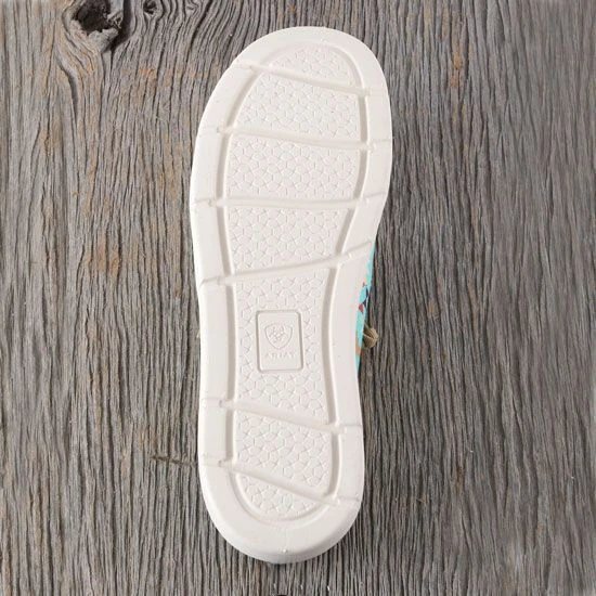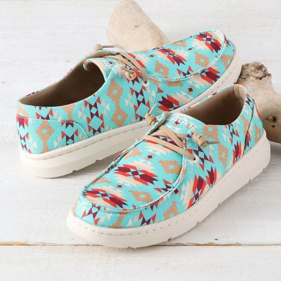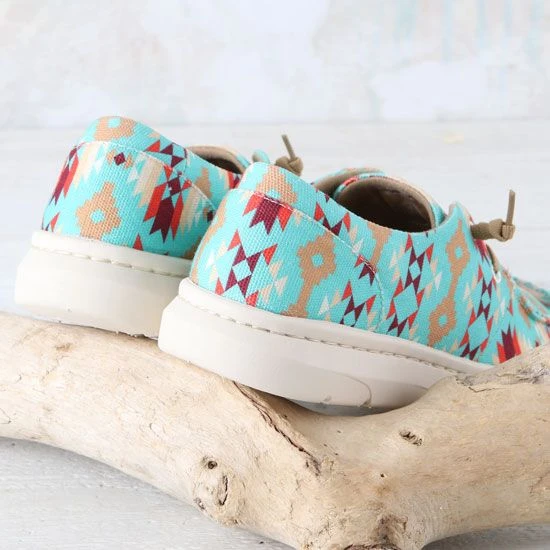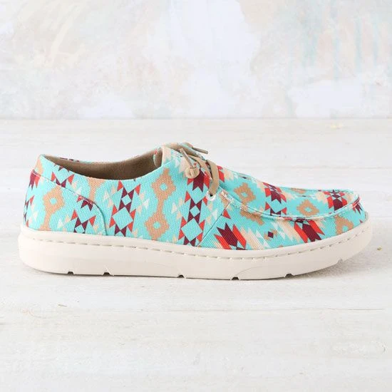 A fun, bright turquoise saddle blanket pattern in the ultra cushy and super comfortable Hilo from Ariat. The kind of shoe you can just throw on and go.
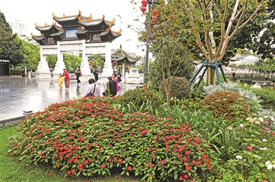 国庆、中秋“双节”即将来临,南明区在辖区景区景点、主次干道、口袋公园等区域布置花卉景观,营造喜庆祥和的节日氛围。图为9月23日拍摄的西湖路甲秀楼牌坊左侧的花卉景观。
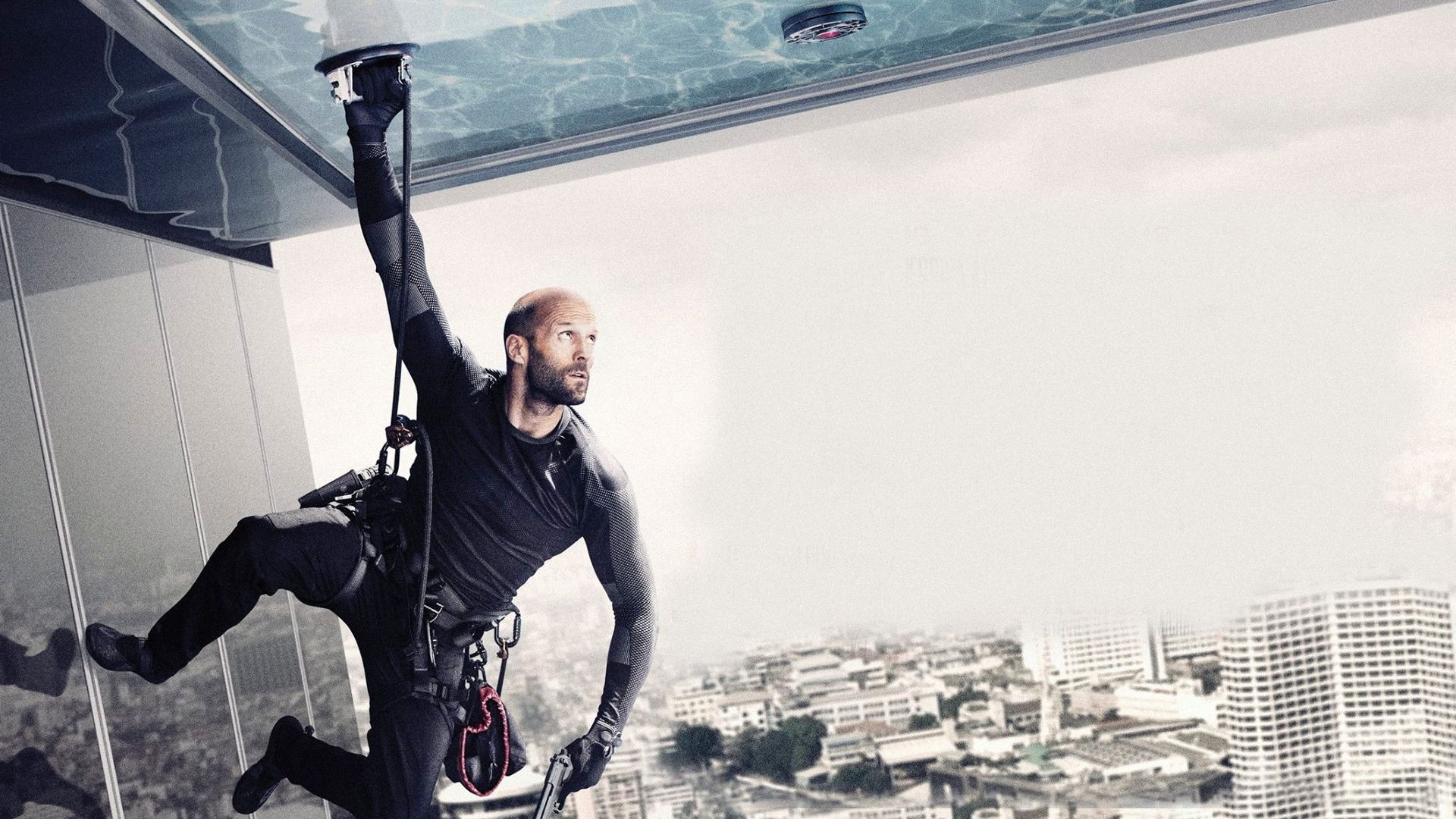 Description: A man hanging from a high rise window with a city in the background and a sky line in the foreground.
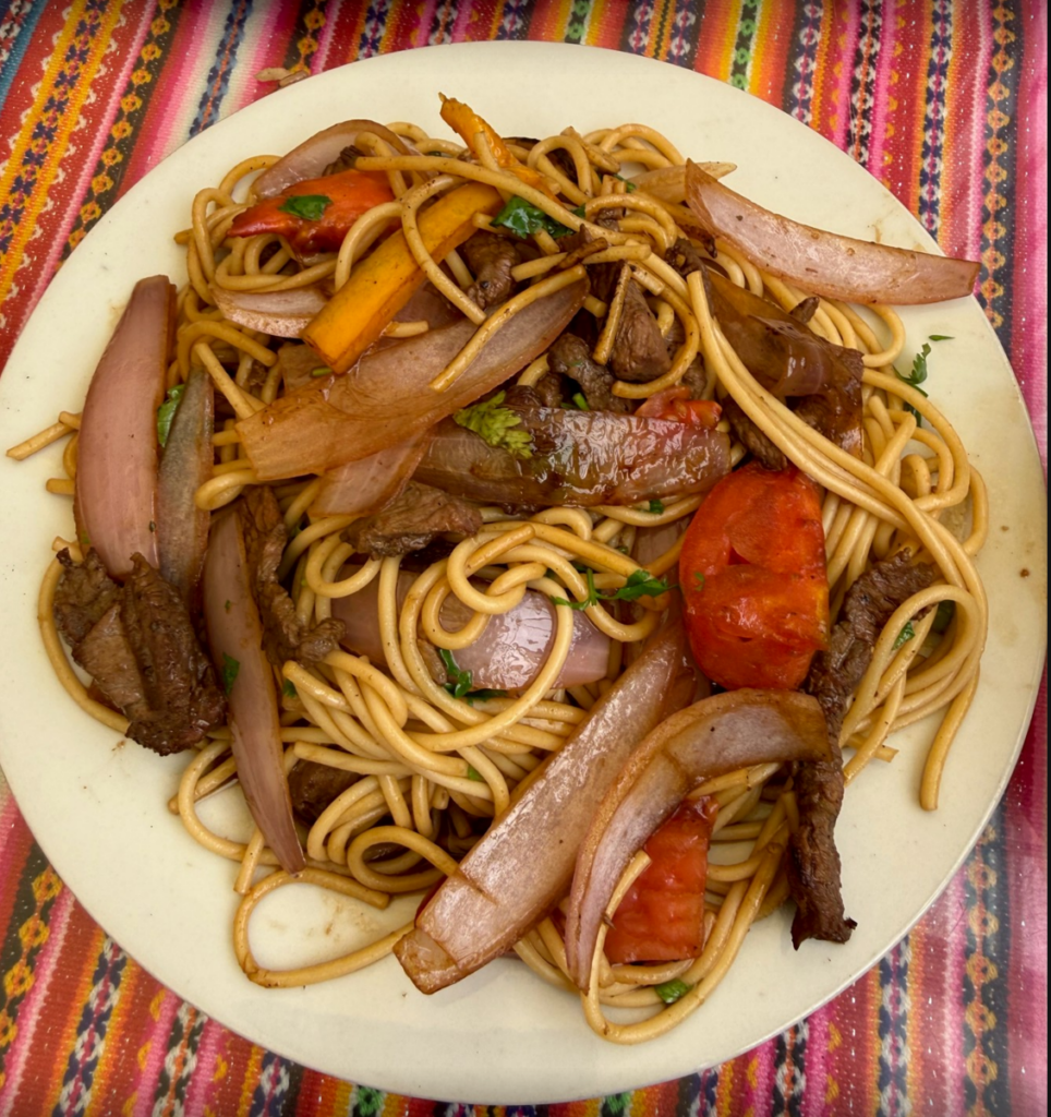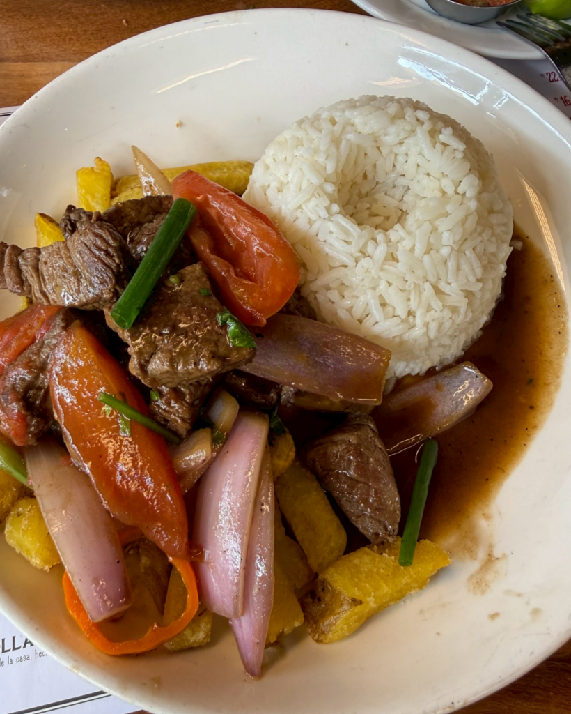 - Lomo Saltado (牛肉炒薯條): 這道菜深受亞洲移民影響,是牛肉與番茄、洋蔥和薯條的大火快炒,通常會配白飯

▶ _INSTRUCTIONS TO FOLLOW_: Word for word, give the listing above again, but drop any pictures.

▶ _RESPONSE BELOW_:
 A fun, bright turquoise saddle blanket pattern in the ultra cushy and super comfortable Hilo from Ariat. The kind of shoe you can just throw on and go.
 国庆、中秋“双节”即将来临,南明区在辖区景区景点、主次干道、口袋公园等区域布置花卉景观,营造喜庆祥和的节日氛围。图为9月23日拍摄的西湖路甲秀楼牌坊左侧的花卉景观。
 Description: A man hanging from a high rise window with a city in the background and a sky line in the foreground.
 - Lomo Saltado (牛肉炒薯條): 這道菜深受亞洲移民影響,是牛肉與番茄、洋蔥和薯條的大火快炒,通常會配白飯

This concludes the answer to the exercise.